The result is Sam Smith’s 2015 ‘Writing’s on the wall’ with 255 words. The shortest…

#Show me the row in my data that equals the highest valuebond_df.nsmallest(1,'wordcount')
Dr No is not the right answer!

We get a weird one here. The shortest in my data is actually Dr No, which, as we know is actually the Spanish lullaby. So I need to expand my search a bit…

#Show me the 5 lowest wordcounts
bond_df.nsmallest(5,'wordcount')

That list shows Matt Munro’s ‘From Russia with love’ has the least lyrics at 78. I also noticed that all of the lowest wordcounts came from early Bond films. It made me wonder if the songs got longer over time — from the 78 of From Russia with love to the 255 of Writing’s on the wall. A quick chart should tell us that…

# Import a library for making charts.
import matplotlib.pyplot as plt

#Plot a scatter chart to show wordcount against year 

bond_df.plot(kind='scatter',x='year',y='wordcount')

The resulting chart, suggests a trend towards longer songs — in wordcount at least.

Plotting wordcount over time suggests a clear trend to more words in Bond Themes. 

Here’s the same plot with a trend line added to show that trend. I’ve pulled in another library here called Seaborn, which adds some extra visualisation functionality including showing the relationship between the wordcount and year.

import seaborn as sns

#Plot the wordcount against year and show the relationship between the two

sns.regplot(y="year", x="wordcount", data=bond_df);
The seaborn plot shows the trendline for the data.

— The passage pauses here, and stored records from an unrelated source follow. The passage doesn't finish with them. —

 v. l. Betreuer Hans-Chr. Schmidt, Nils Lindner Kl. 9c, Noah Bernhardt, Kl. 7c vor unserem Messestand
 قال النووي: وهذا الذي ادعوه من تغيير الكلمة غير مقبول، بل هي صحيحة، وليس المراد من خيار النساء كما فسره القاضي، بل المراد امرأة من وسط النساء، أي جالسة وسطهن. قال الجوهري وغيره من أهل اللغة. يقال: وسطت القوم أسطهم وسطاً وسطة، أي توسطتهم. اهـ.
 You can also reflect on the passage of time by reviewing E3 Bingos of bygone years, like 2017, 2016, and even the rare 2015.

As I thought, a trend towards more lyrics. But does that mean that the songs are getting more complex? Longer? Maybe all pop songs are. Maybe there are more words but they are the same ones. How many times does Shirley Bassey belt out ‘Goldfinger’?

Conclusions

It was surprisingly easy to get a long way down the line with this, just with Google Sheets. What Python did best was to take over on the repetitive stuff — scraping lyrics, counting words etc. And that’s the point. It could be text Bond lyrics to political speeches. Once we have the words in a structured format, coding can help us quickly get to the point where we can start asking questions. I’ve been pretty free with pulling in Libraries to do some of the work for me. That’s, in part down to my magpie-like coding practice. I cut and paste stuff to make it work. In that sense it’s not ‘good code’ but it works.

In the next in this series, I’ll dig a little deeper into lyrics and see what else we can dig up. In the meantime. I hope its whetted your appetite for a bit of code (or a bit of bond)

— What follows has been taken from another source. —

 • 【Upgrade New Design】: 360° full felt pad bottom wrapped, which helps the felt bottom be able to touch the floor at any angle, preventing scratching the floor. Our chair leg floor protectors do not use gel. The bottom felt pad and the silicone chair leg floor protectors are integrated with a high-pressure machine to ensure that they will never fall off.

** In terms of method, this exercise has loads of problems. The choice of Bond themes for example. I’m counting From Russia with Love as the theme to the film of the same name. It wasn’t. The music was, but you only get a hint of Matt crooning over a radio in the early part of the film. So, yes you can drive a bus through the data, but it’s a means to an end.

*** Why Python? I’m a big fan of the Python programming language. It’s one of two that dominate the “journalists that code” and data journalism fields. The other is R. Both are great. You’d benefit from being familiar with both. But I went with Python for this example because a)it’s good for text analysis (yes I know R is too) and I know it well. That’s it really.